◆ Supplied data ◆
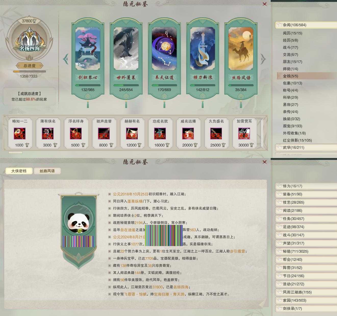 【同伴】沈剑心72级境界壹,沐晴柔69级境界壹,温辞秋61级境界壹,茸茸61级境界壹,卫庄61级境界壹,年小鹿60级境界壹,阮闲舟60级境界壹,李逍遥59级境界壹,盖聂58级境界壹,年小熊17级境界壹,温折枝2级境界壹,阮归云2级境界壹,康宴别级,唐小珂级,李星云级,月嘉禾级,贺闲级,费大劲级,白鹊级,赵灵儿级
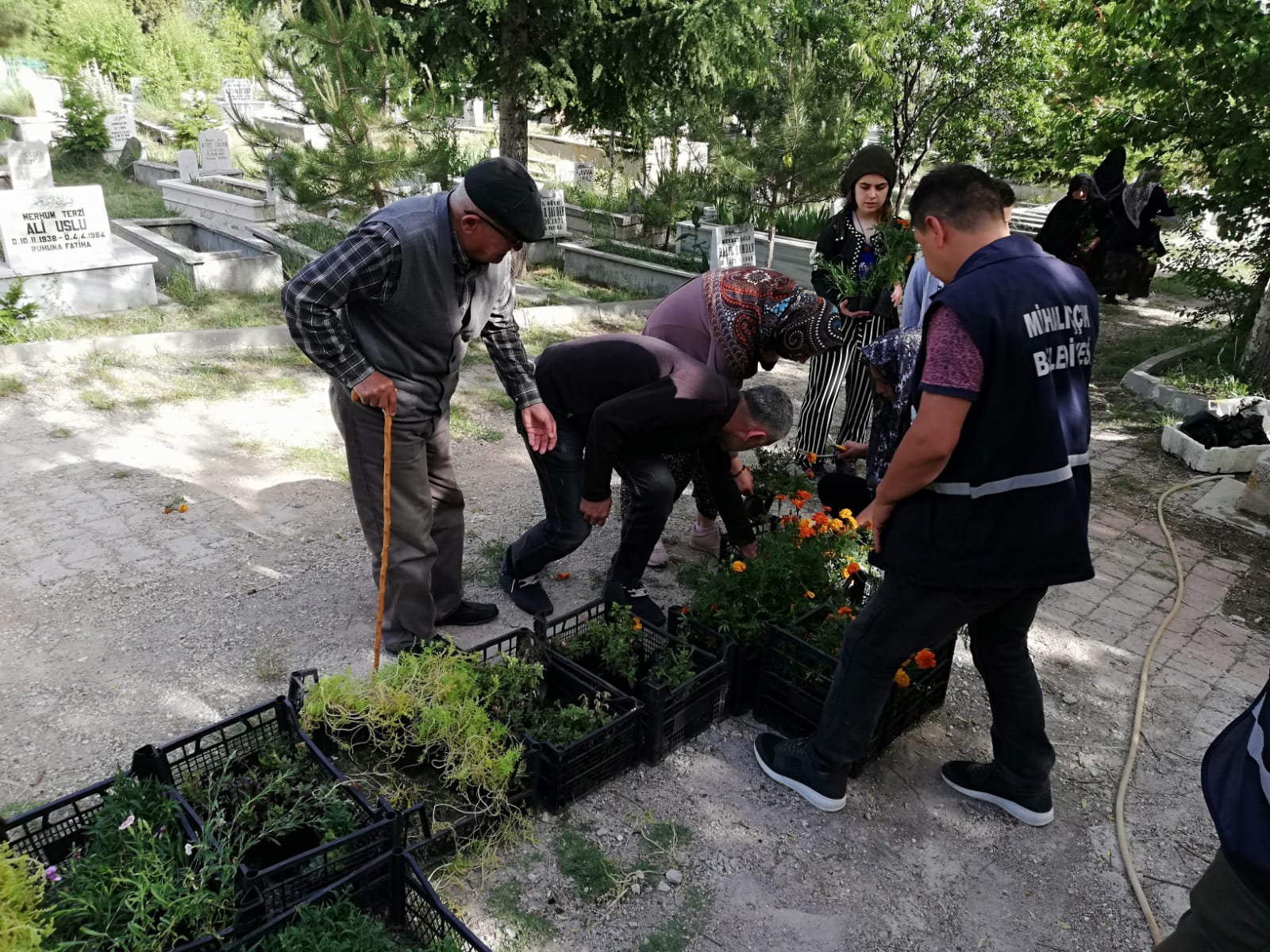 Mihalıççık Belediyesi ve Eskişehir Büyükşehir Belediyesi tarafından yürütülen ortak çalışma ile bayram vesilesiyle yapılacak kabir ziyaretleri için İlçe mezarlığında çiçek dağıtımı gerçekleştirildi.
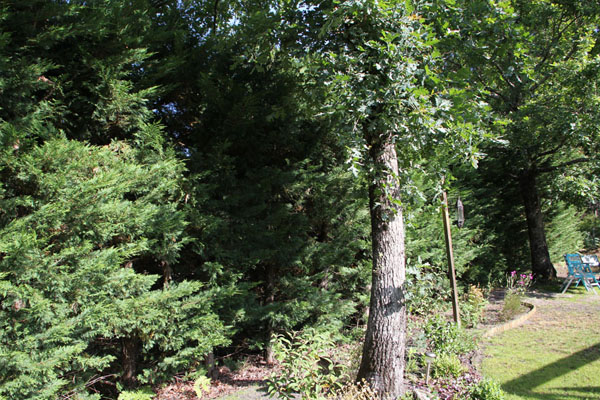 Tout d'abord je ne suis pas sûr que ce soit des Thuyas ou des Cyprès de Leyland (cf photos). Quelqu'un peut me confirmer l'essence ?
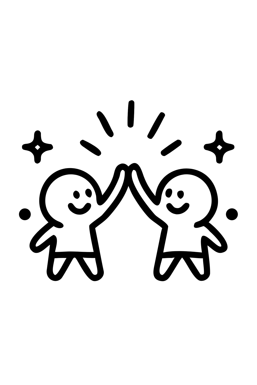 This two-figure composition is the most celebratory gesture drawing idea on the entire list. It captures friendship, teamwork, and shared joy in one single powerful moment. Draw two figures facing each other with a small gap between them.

◆ Task to carry out ◆
The expected output is the full material above, word for word, without pictures.

◆ Exercise answer ◆
 【同伴】沈剑心72级境界壹,沐晴柔69级境界壹,温辞秋61级境界壹,茸茸61级境界壹,卫庄61级境界壹,年小鹿60级境界壹,阮闲舟60级境界壹,李逍遥59级境界壹,盖聂58级境界壹,年小熊17级境界壹,温折枝2级境界壹,阮归云2级境界壹,康宴别级,唐小珂级,李星云级,月嘉禾级,贺闲级,费大劲级,白鹊级,赵灵儿级
 Mihalıççık Belediyesi ve Eskişehir Büyükşehir Belediyesi tarafından yürütülen ortak çalışma ile bayram vesilesiyle yapılacak kabir ziyaretleri için İlçe mezarlığında çiçek dağıtımı gerçekleştirildi.
 Tout d'abord je ne suis pas sûr que ce soit des Thuyas ou des Cyprès de Leyland (cf photos). Quelqu'un peut me confirmer l'essence ?
 This two-figure composition is the most celebratory gesture drawing idea on the entire list. It captures friendship, teamwork, and shared joy in one single powerful moment. Draw two figures facing each other with a small gap between them.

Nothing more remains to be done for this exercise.